The performance of the approach and also the computational burden is controlled by the grid size defined as: \(G_{size}=({W}^{*}{H})/N_{points}\), where W and H are the width and height of the image, \(N_{points}\) is the maximum number of interest points we retain (e.g. for a video stream with the resolution of 320\(\,\times \,\)240 pixels we fixed \(N_{points}\) to 1000 points).

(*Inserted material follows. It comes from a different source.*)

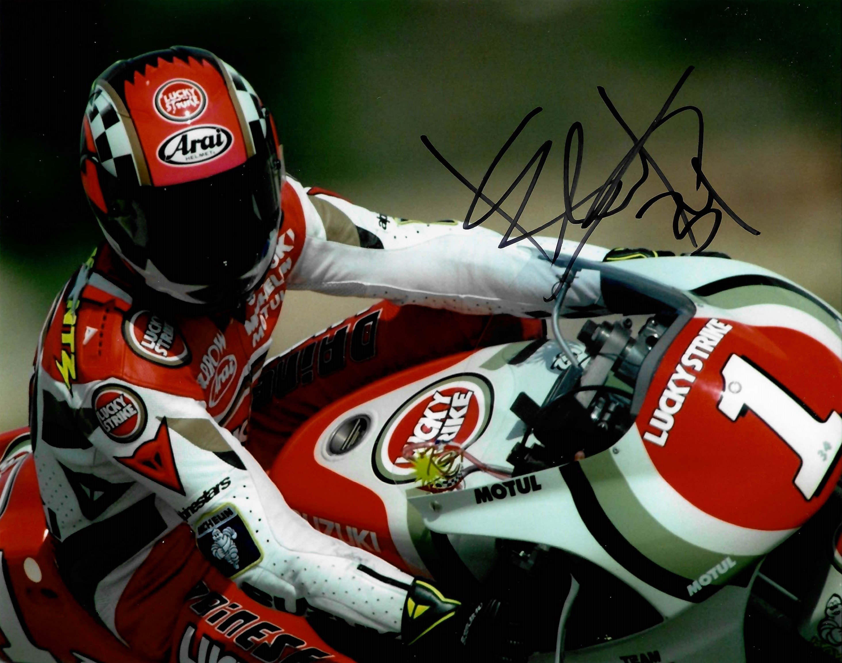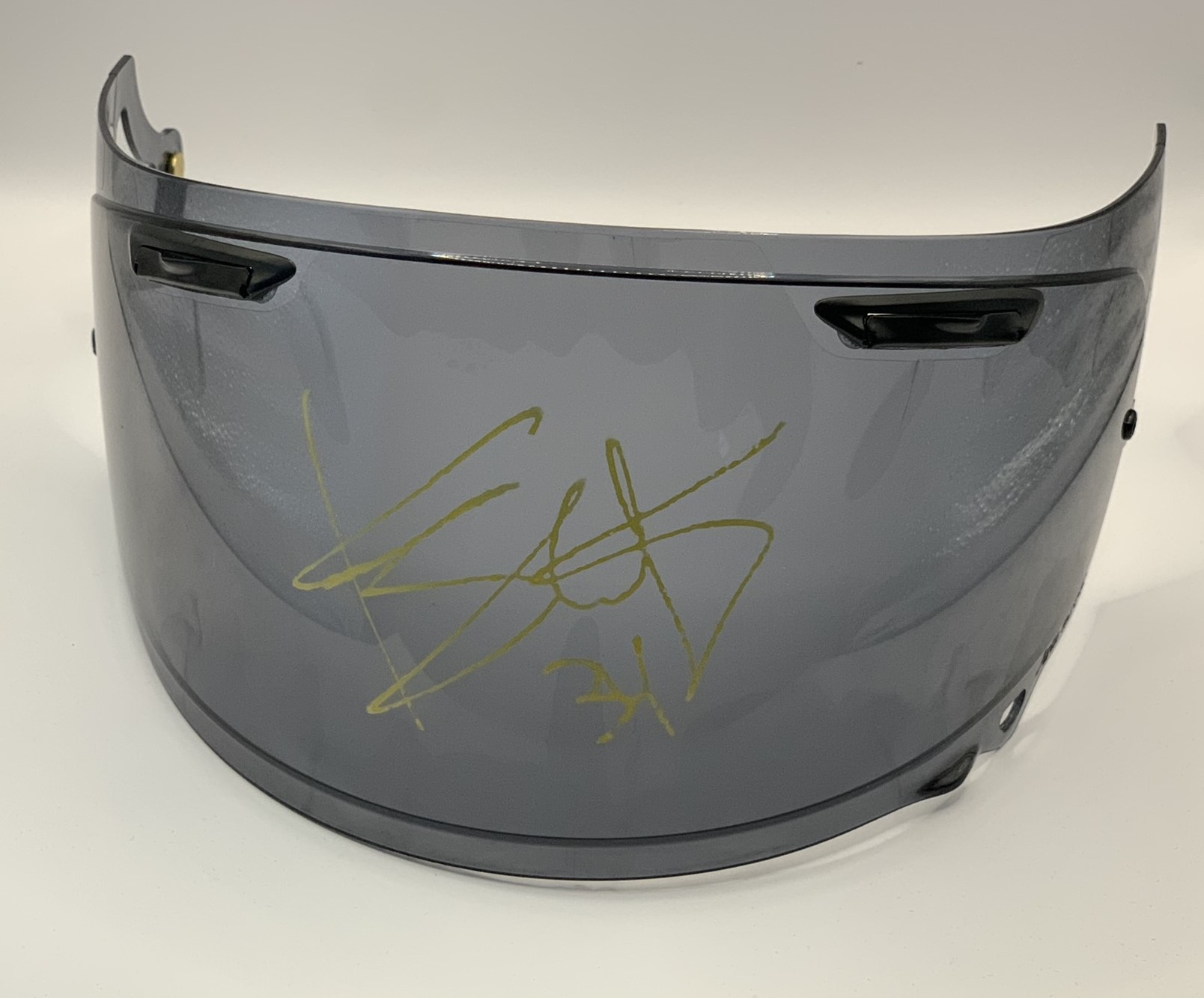 Kevin Schwantz (USA) 1993 World Moto GP Champion signed collection, including signed Aria Black tinted visor (signed in gold), same brand as he wore and fits Schwantz Aria Helmet. Also included is signed 8 by 10in. action photograph of Kevin Schwartz. Both items come with exact photo proof and COA. (Total of 4 items)

Interest Point Tracking. The selected interest points are tracked between successive frames using the multiscale Lucas-Kanade (LK) algorithm [24]. Even though the LK tracking method proves to be sensitive to light variation and is inconsistent in estimating the motion vectors, we adopted LK algorithm because it offers the best compromise between the quality of the motion flow and the processing time. The LK method is initialized with the set of interest points extracted using the regular grid strategy. Then, the points are tracked within the video stream. However, for low textured zones within the image or for regions depicting objects disappearing or that reenter the scene, it is necessary to reinitialize the tracker. In such specific areas we locally apply as input to the LK algorithm the relevant set of points obtained (cf. grid strategy described in Sect. 3.1). If we denote one interest point within the reference image as: \(p_{1m}(x_{1m}, y_{1m})\) then the correspondent one in the successive image, established using the tracking algorithm is denoted by \(p_{2m}(x_{2m}, y_{2m})\). The associated motion vector \(v_{m}(v_{mx}, v_{my})\) magnitude and orientation can be determined as:

$$\begin{aligned} D_{12} = \sqrt{v_{mx}^2, v_{my}^2} \quad \,\; ; \quad \,\; \theta _{12} = arctg\frac{v_{my}}{v_{mx}} + k\pi \end{aligned}$$
(1)

Camera Motion Estimation. For the global motion model we have adopted the RANSAC algorithm [25] that estimates the optimal homographic matrix (H) between successive frames. For any point expressed in homogenous coordinates \(p_{1m}(x_{1m}, y_{1m}, 1)^T\) we can determine its novel position (\(p^{est}_{2m}(x_{2m}, y_{2m}, 1)^T\)) in the adjacent frame by multiplying \(p_{1m}\) with H. Then, we can determine the prediction error (Er) by computing the Euclidian distance (\(L_2 norm \Vert \cdot \Vert \)) between the current point position (establish using the tracking algorithm) and its predicted location:

$$\begin{aligned} E_{r}(p_{2m}) = \Vert p^{est}_{2m} - p_{2m} \Vert \end{aligned}$$
(2)

In the ideal case the prediction error is equal to zero. However, for real-life application we need to compare Er to a pre-established threshold (\(Th_1\)) in order to determine the set of inliers/outlier. The interest points belonging to the inliers class satisfy the transformation and belong to camera or background motion. The outlier class contains all other types of motion present in the scene.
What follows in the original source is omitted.